If you adopt an approach of "tabling" previous conclusions and forward-chain reasoning on these to infer new conclusions, no recursive "depth" is required.

Bear in mind that Datalog requires some restrictions on rules and variable that assure finite termination and hence finitely many conclusions. Variables must have a finite range of possible values, for example.

Let's assume your example refers to constants rather than to variables:

P(x,y) <- Q(x,y).
Q(x,y) <- P(x,z), A(y).

One wrinkle is that you want A/1 to be implemented as an extended stored procedure or external code. For that I would propose tabling all the results of calling A on all possible arguments (finitely many). These are after all among the conclusions (provable statements) of your system.
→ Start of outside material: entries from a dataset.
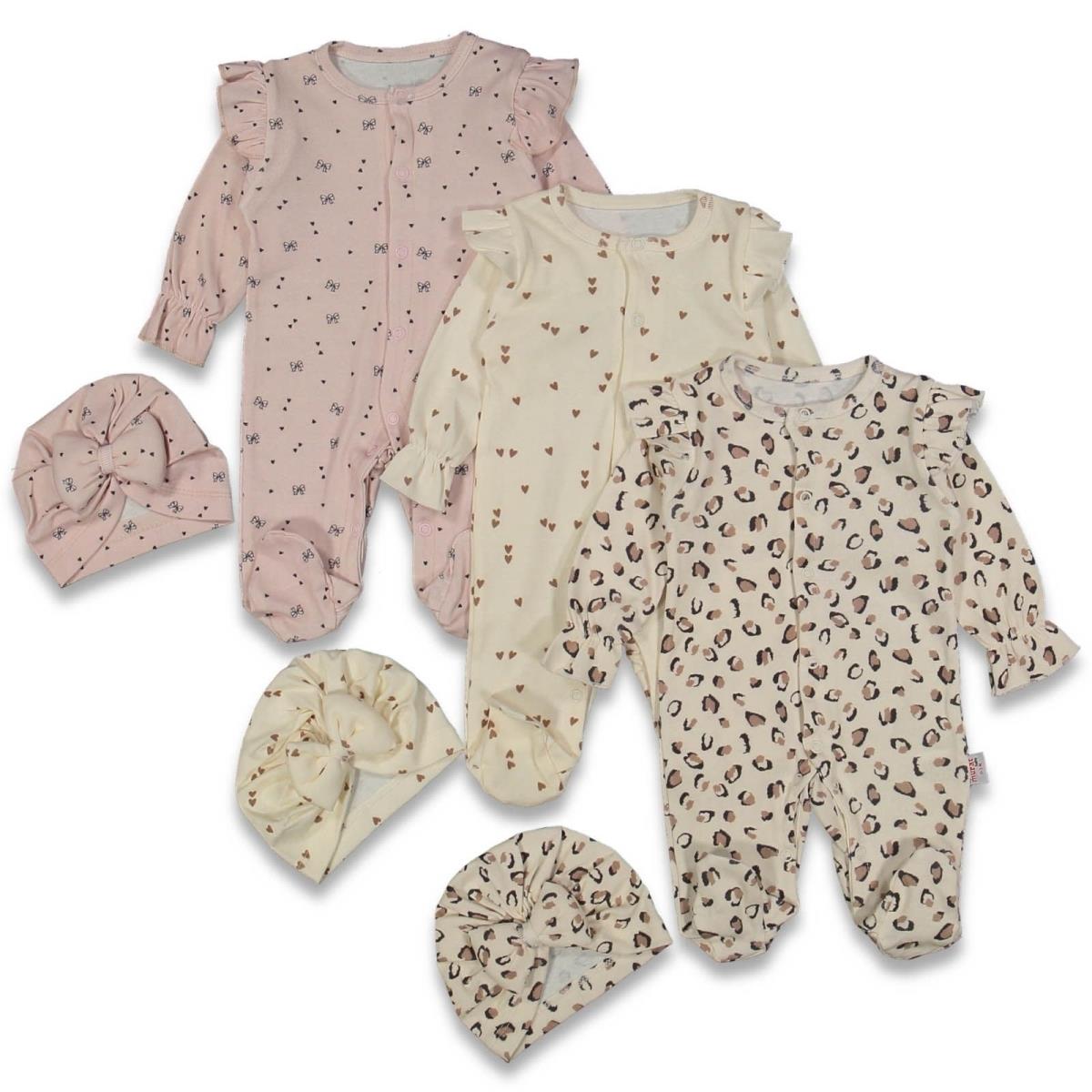 KIZ 0/3 AY LEOPAR KALP BASKILI ŞAPKALI 3LÜ TULUM (129200)
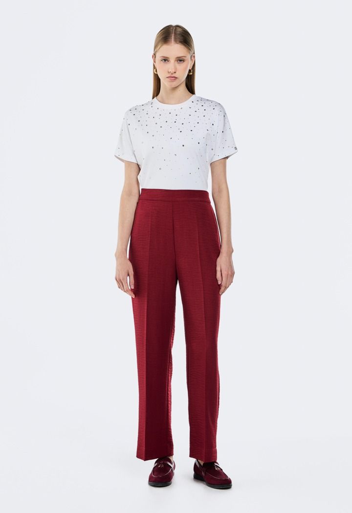 Design: Solid, High Waist, Side Pockets, Crinkled, Straight Cut
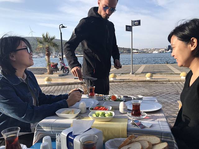 当天开车到切什梅,住在小镇的民宿里,booking订了两间标间,老板超好给升级了一间带阳台的海景房。放下行李,两天没怎么好好吃饭,身体疲惫就在隔壁吃了个超大份的炸鸡土豆泥。看到小镇上的人悠哉悠哉的喝着酒唱着歌弹着吉他,羡慕他们对生活的态度。
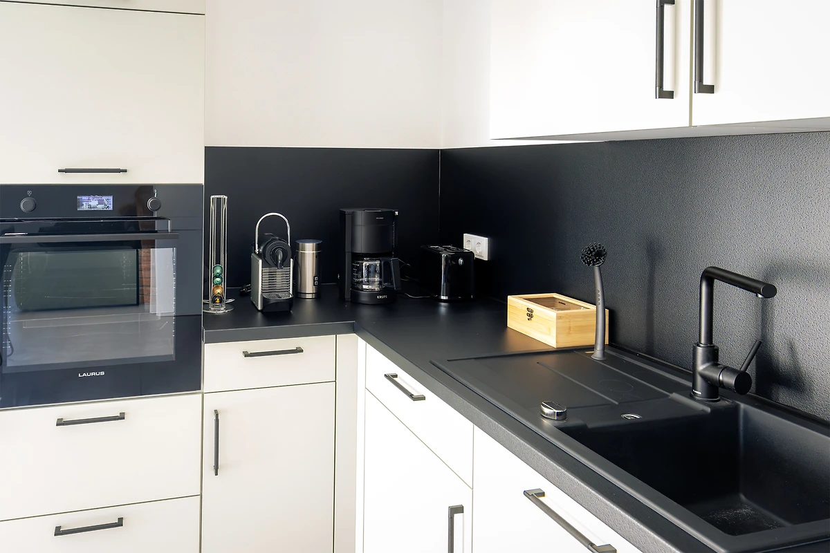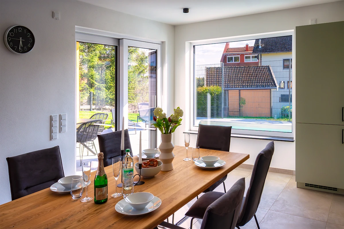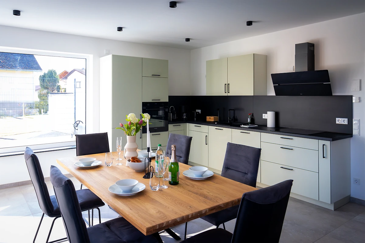 Die stilvoll eingerichteten Bungalows überzeugen durch eine hochwertige, voll ausgestattete Küche mit modernen Geräten wie Induktionskochfeld, Backofen sowie Kühl-Gefrierkombination. Der elegante Essbereich mit edlem Eichentisch lädt zum gemeinsamen Genießen und Verweilen ein.
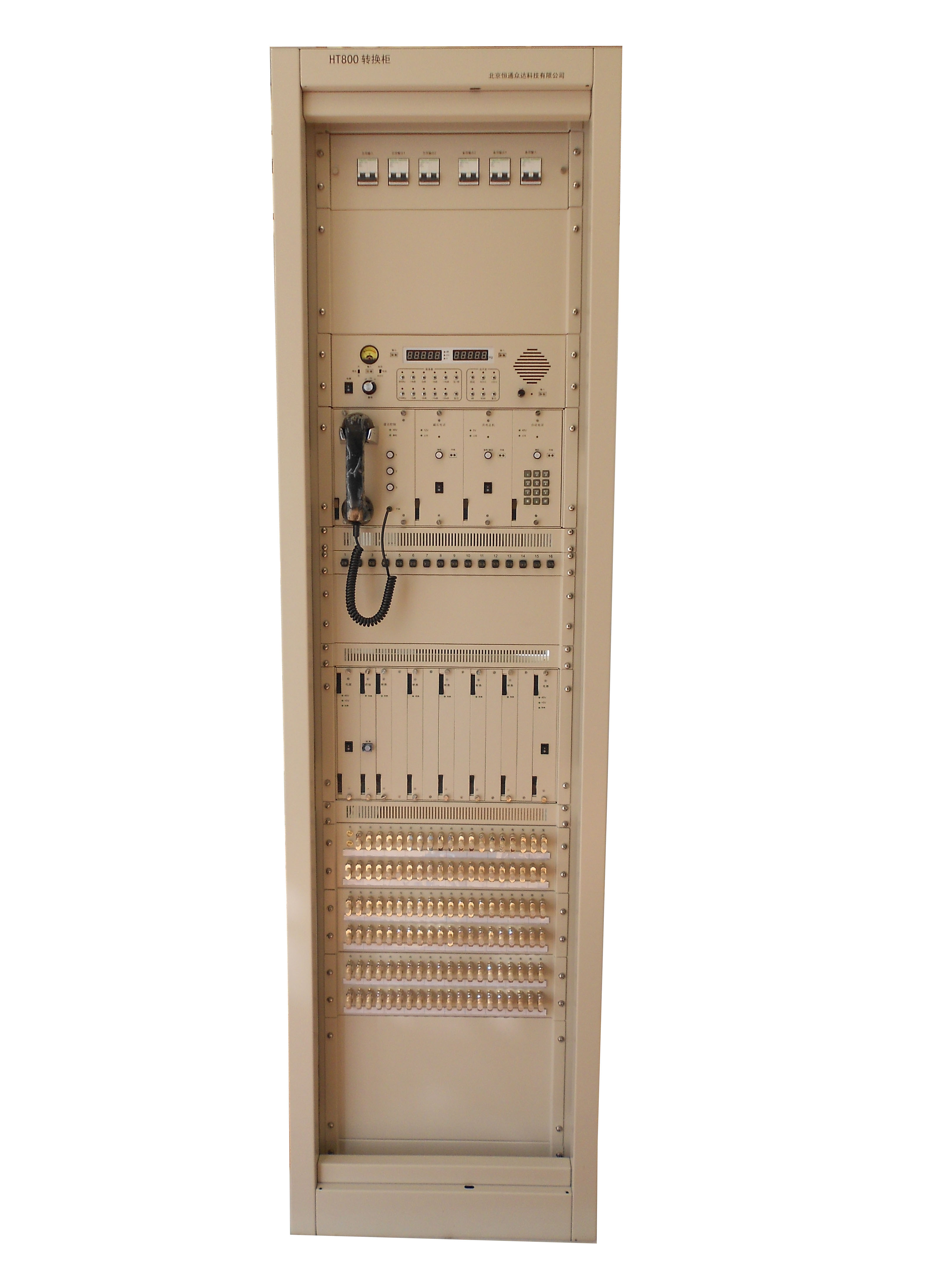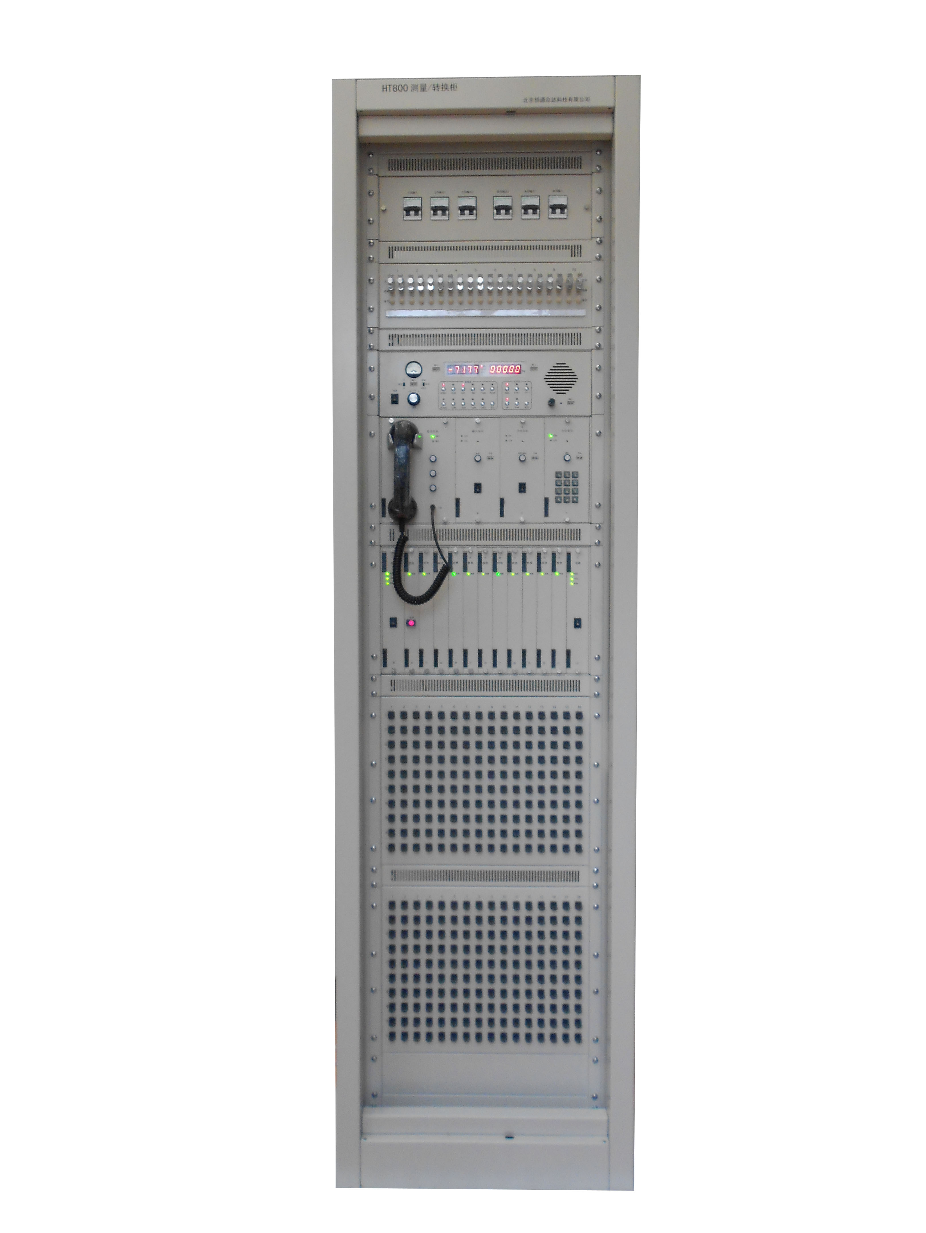 HT800测量/转换柜用于通信设备与外部线路之间配线的引入、连接、测量、转换。可实现外部通信线路(音频线路和数字线路)在两套互为备用的通信设备之间进行快速转换连接,完成通信设备的主机与备机之间的转换。利用机柜内配置的测量仪表和试验测试单元可对设备、线路、终端进行测量、试验,便于日常的维护和故障处理。
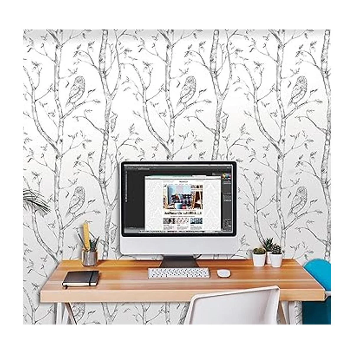 Papel tapiz adhesivo con diseño de bosque de Brewster, Gris, NU1412
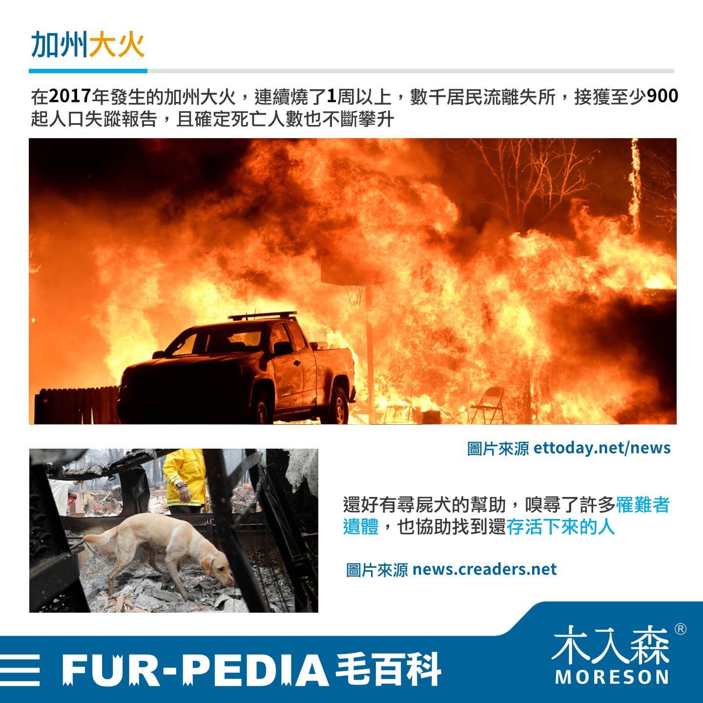 在2017年發生的加州大火,連續燒了1周以上,數千居民流離失所,接獲至少900起人口失蹤報告,且確定死亡人數也不斷攀升,還好有尋屍犬的幫助,嗅尋了許多罹難者遺體,也協助找到還存活下來的人。
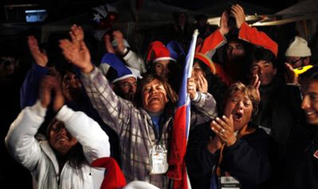 Những nụ cười, tiếng vỗ tay vỡ òa khi thợ mỏ Florencio Avalos, 31 tuổi, trở lại mặt đất sau 68 ngày. Khoang cứu hộ Phoenix (Phượng Hoàng) mất khoảng 16 phút để đưa Avalos từ hầm mỏ lên mặt đất.
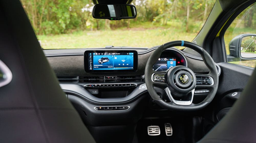 Three distinct driving modes (Turismo, Scorpion Street, Scorpion Track) allow you to dial the dynamics from cruiser to barnstormer at the flick of a knob. A synthesized engine note reminiscent of the 695 Abarth’s roaring exhaust can be enabled for a dose of nostalgia. The official 0 to 100 time is 7 seconds, but it’s not about that. In the middle of its range (city driving) it really stands out. Remember seven seconds isn’t too shabby, the early MX5s were praised when they had an 8-second sprint time!
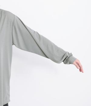 ゆるっとしたスタンドカラーと、バックネックの刺しゅうがワンポイントになるプルオーバーです。体のラインを拾いすぎないすっきりとしたシルエットは、多彩なレイヤードスタイルに重宝します。
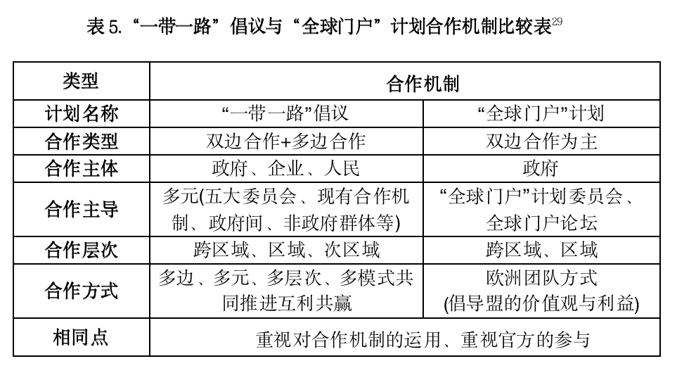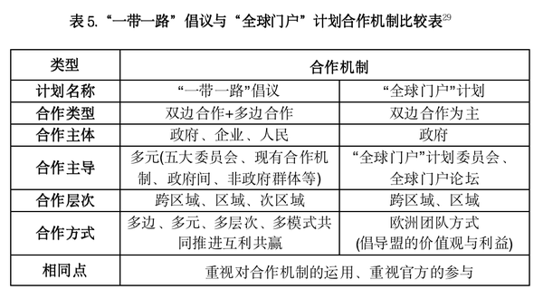 从合作机制来看,两者都十分重视合作机制的运用,但是却采用了不同的合作方式。“一带一路”倡议建立了一个在现有合作模式基础之上的多边、多元、多层的成熟稳定的合作机制,该机制基于公平互利的原则,能够保证沿线各国的有效参与。而“全球门户”计划则建立了一个以欧盟为主导,伙伴国家参与的合作机制。在这种机制下,由欧盟订立相应的规则与准入条件,其他国家想要参与就必须满足欧盟设施的具体条件,在运行过程中也将由欧盟机构负责主导,以欧盟的方式来与伙伴国合作。比较而言,“一带一路”倡议的合作机制更加成熟,也更能够被合作国接受。

Once that is done the forward-chaining inference proceeds iteratively rather than recursively. At each step consider each rule, applying it with premises (right-hand sides) that are previously obtained (tabled) conclusions if it produces a new conclusion. If no rule produces a new conclusion in the current step, halt. The proof procedure is complete.

In your example the proofs stop after all the A facts are adduced, because there are no conclusions sufficient to apply either rule to get new conclusions.

0
votes

A possible approach is to use recursive CTEs in SQL, which provide the power of transitive closure. Relational algebra + transitive closure = Datalog.